La liberté ontologique est contrainte par les outils et les nouvelles manières de penser imagées. La liberté politique est quant à elle réduite. Les Français transfèrent massivement leurs données personnelles en Californie, sur des serveurs étrangers appartenant à une compagnie privée. Carnets d’adresse, liste d’amis, photos de vie privée, messages intimes sont stockés sous la loi de Sacramento et visibles sans contrôle par les organes de police et de renseignement d’un pays tiers (Patriot Act). Au risque de se voir accuser de crimes et délits dont ils n’auront même pas conscience, mais que tout débarquement sur le sol américain révèlera aussitôt (c’est arrivé). Au risque de se voir supprimer tout accès du jour au lendemain sans préavis, sur un caprice technique ou juridique du pays étranger (Amazon via Kindle sur les traductions d’Hemingway). Au risque de voir perdre l’information de cette masse de données, offertes gratuitement en exploitation à des entreprises de divertissement ou de commerce hors de France (Google). A-t-on bien conscience de ces implications lorsqu’on documente Facebook, Twitter, YouTube, Google et autres ? Et pourtant, on ne les entend guère, les gueulards du souverainisme, anticapitalistes forcenés, adeptes de la théorie du Complot CIA & multinationales ! Est-ce naïveté ou posture ?
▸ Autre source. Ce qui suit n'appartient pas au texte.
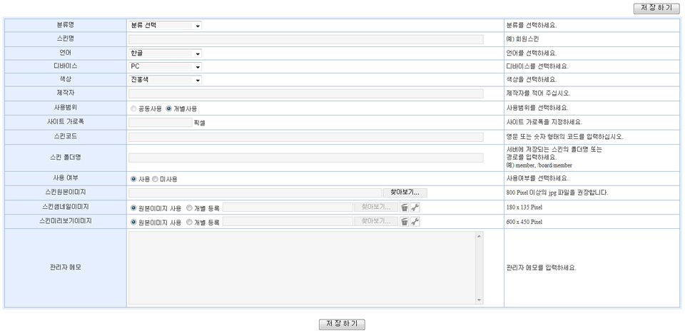 | ▸ 게시판의 스킨관리 페이지는 사이트관리 > 게시판관리에 있습니다. |

Internet est comme la langue d’Ésope : la meilleure et la pire des choses. Il est ce que nous en faisons. Auparavant nous séparions vie privée et vie publique ; aujourd’hui nous séparons vie ordinaire et vie médiatique. La parole publique se démocratise, mais dans le même temps envahit l’existence. Se connecter aux médias sociaux, c’est se déconnecter de l’ordinaire, de la société, au profit d’un entre-soi choisi et construit. Rêve d’une interaction sans risque, le réseau social est un préservatif pour aller sonder les autres. Sans conflit puisqu’il suffit d’ignorer, d’effacer ou de « tej ». Nul doute que l’ouverture à l’autre, grand projet social des Lumières, en est réduite…

On peut lire sur le sujet le numéro 170 de mai-août 2012 de la revue Le Débat, Gallimard, €17.10. Redondant, souvent chiant, se sentant obligé de donner la parole à tous les « noms » qui comptent dans l’univers du numérique et qui se répètent à l’envi, les 175 pages consacrées au sujet donnent cependant des idées.